- Aim of the task
An exact copy of all the data is required, with pictures left out.

- Input data

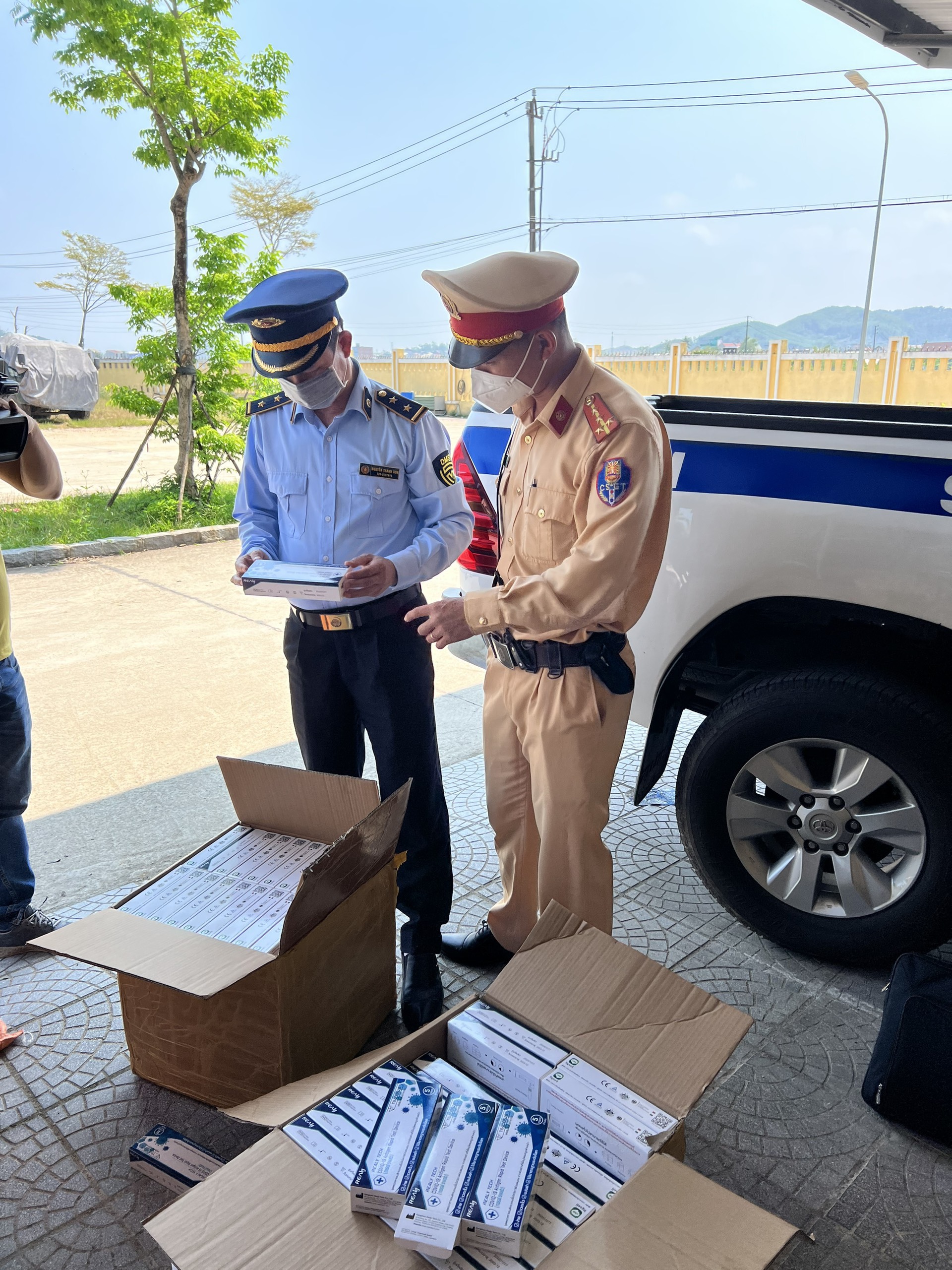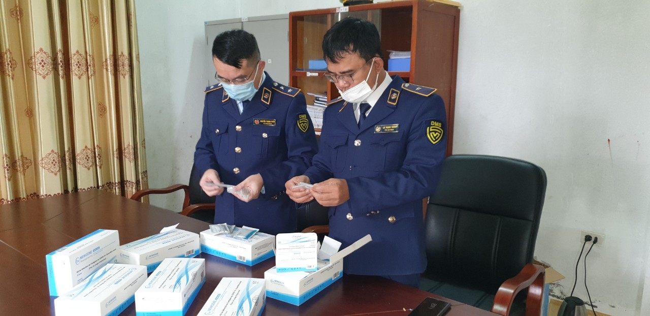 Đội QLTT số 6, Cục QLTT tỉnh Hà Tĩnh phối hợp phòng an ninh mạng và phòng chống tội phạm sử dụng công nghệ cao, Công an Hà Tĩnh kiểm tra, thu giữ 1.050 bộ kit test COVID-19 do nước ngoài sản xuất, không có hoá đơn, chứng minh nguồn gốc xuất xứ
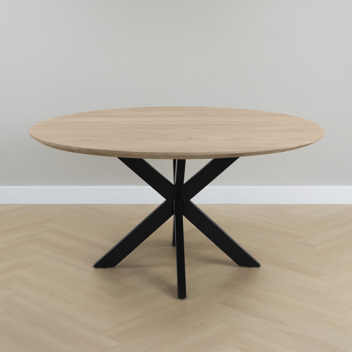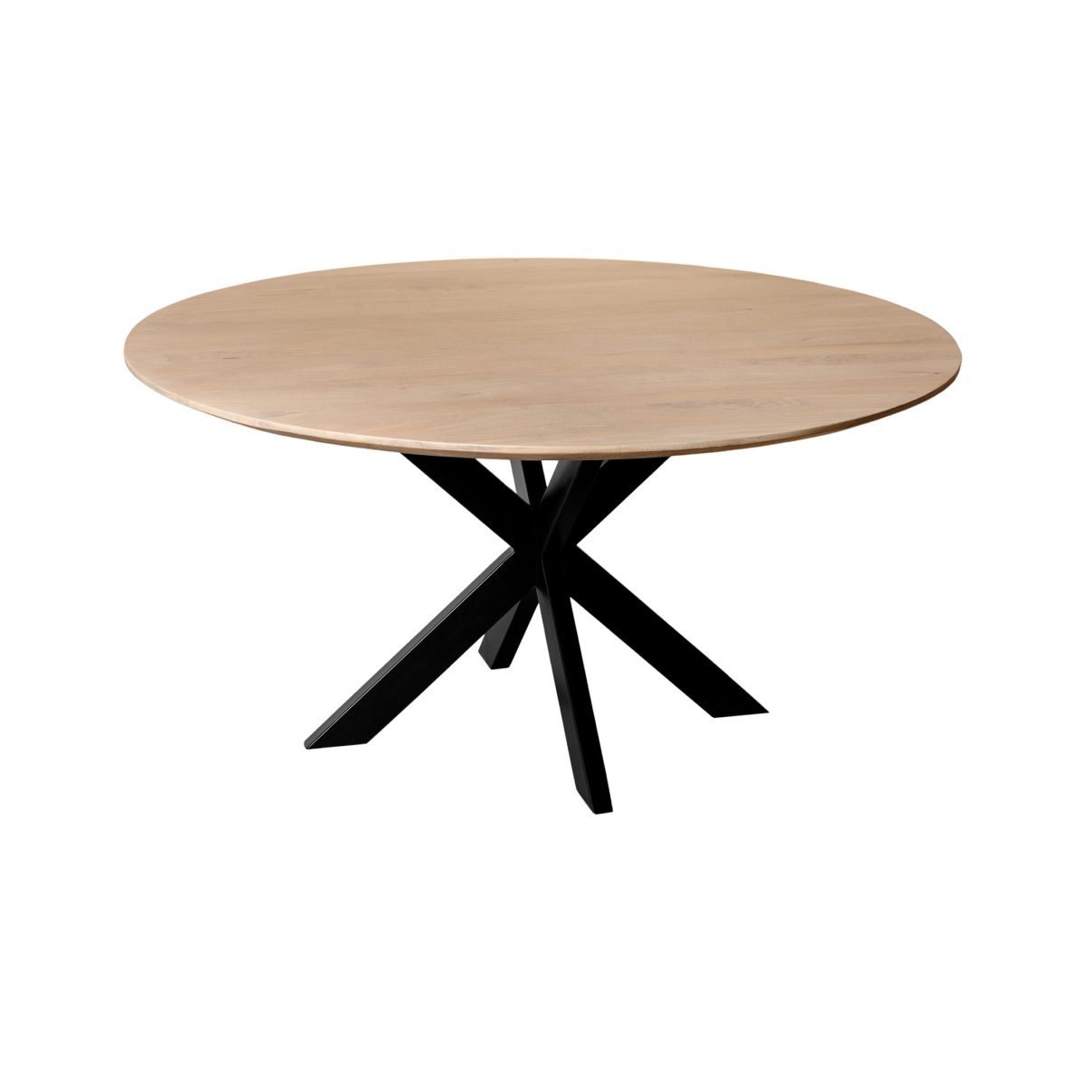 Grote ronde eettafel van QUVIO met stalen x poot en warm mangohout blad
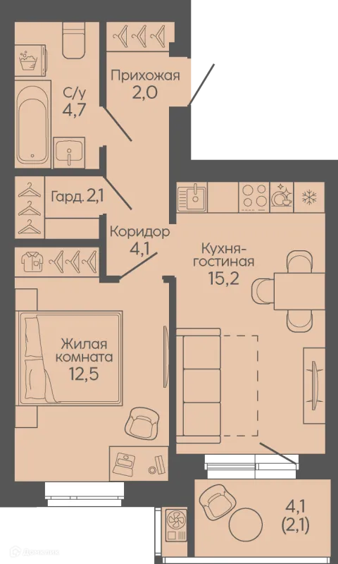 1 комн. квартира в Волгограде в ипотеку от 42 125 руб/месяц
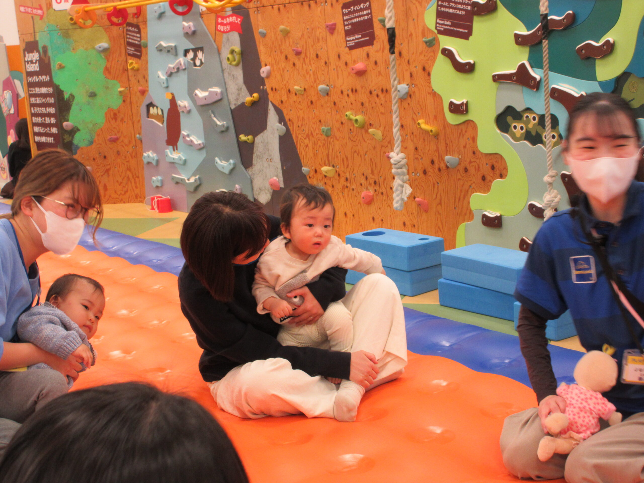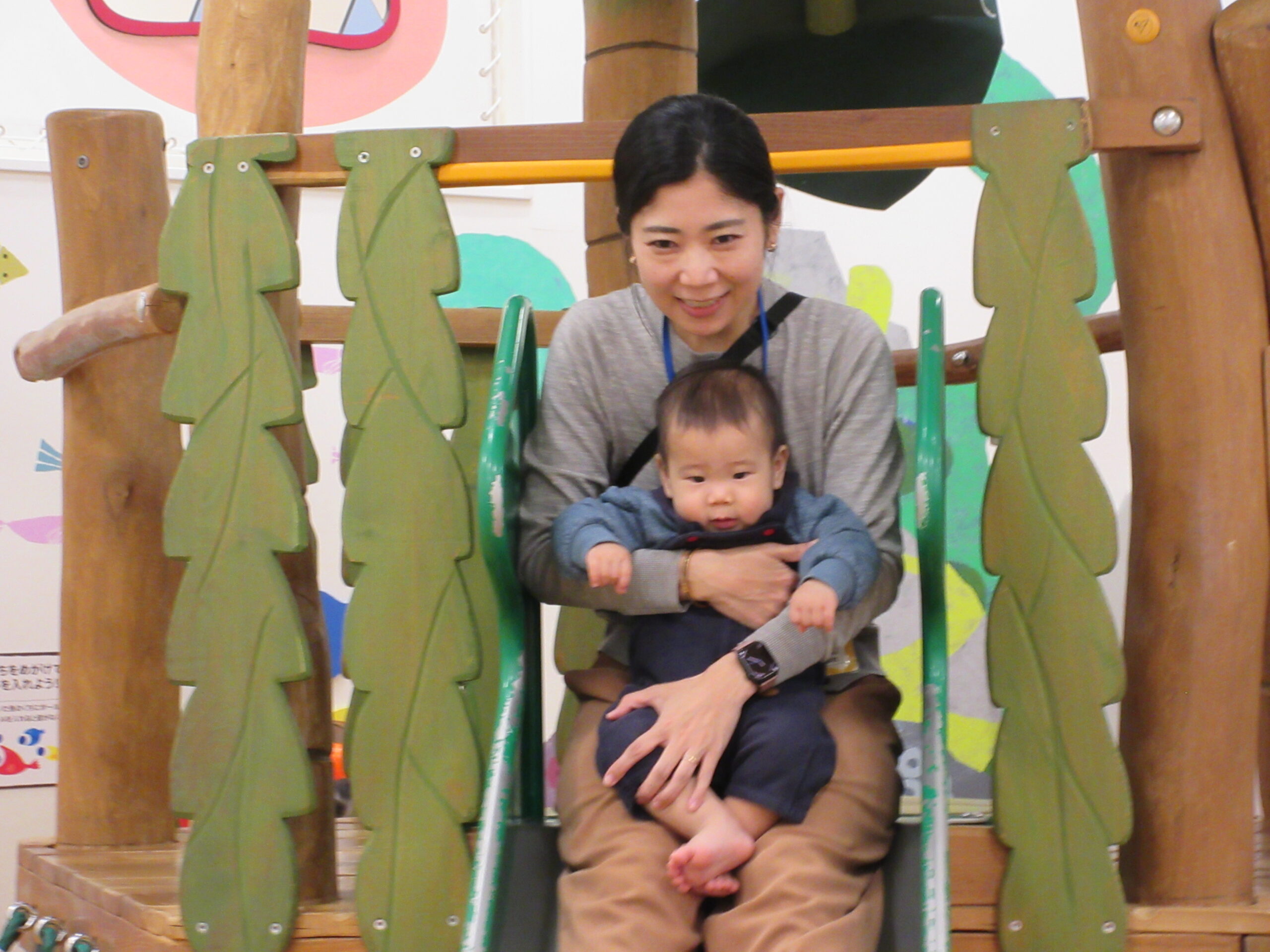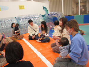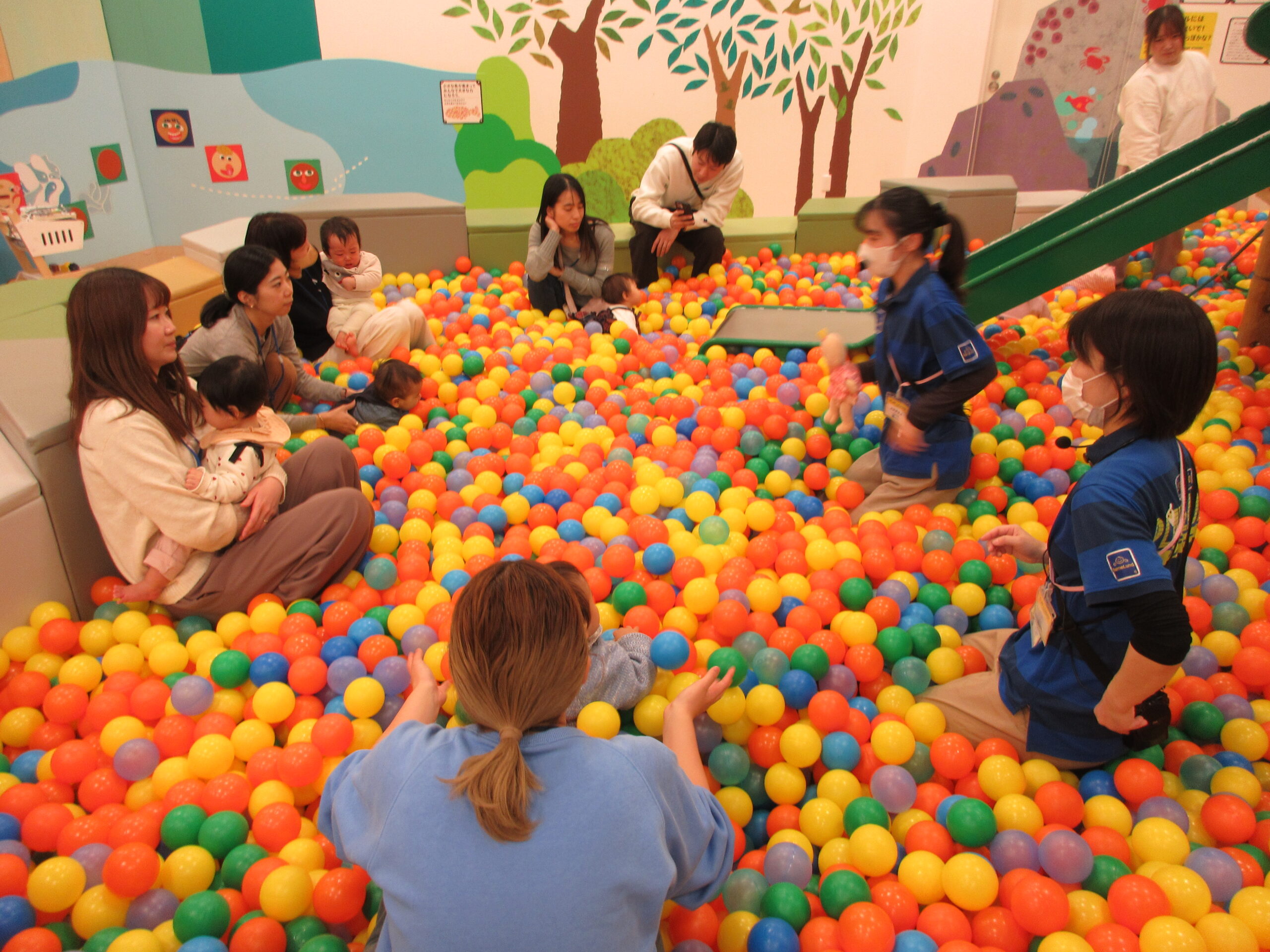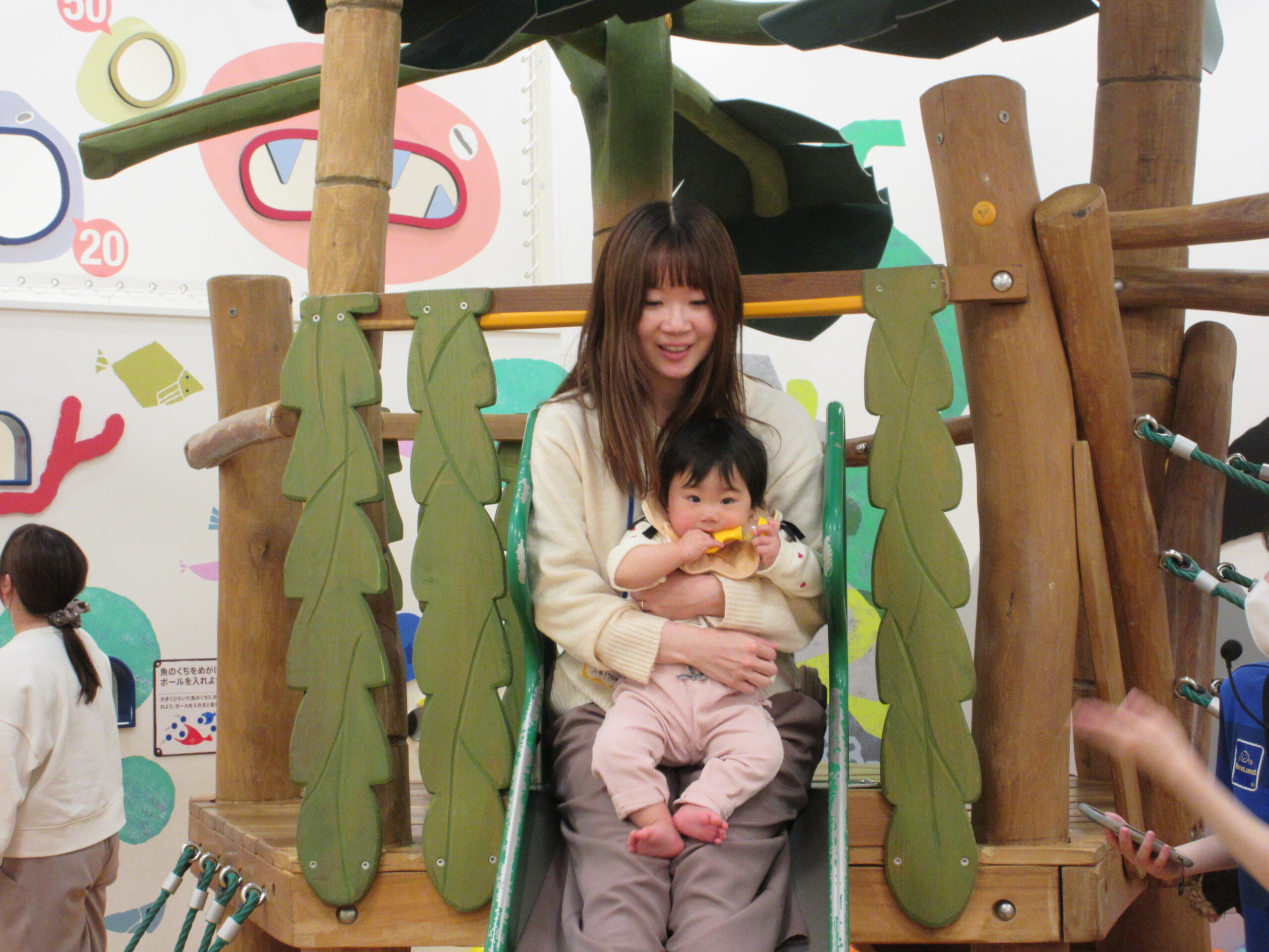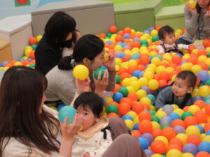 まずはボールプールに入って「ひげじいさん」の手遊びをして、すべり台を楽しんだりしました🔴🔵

- Response to the task
 Đội QLTT số 6, Cục QLTT tỉnh Hà Tĩnh phối hợp phòng an ninh mạng và phòng chống tội phạm sử dụng công nghệ cao, Công an Hà Tĩnh kiểm tra, thu giữ 1.050 bộ kit test COVID-19 do nước ngoài sản xuất, không có hoá đơn, chứng minh nguồn gốc xuất xứ
 Grote ronde eettafel van QUVIO met stalen x poot en warm mangohout blad
 1 комн. квартира в Волгограде в ипотеку от 42 125 руб/месяц
 まずはボールプールに入って「ひげじいさん」の手遊びをして、すべり台を楽しんだりしました🔴🔵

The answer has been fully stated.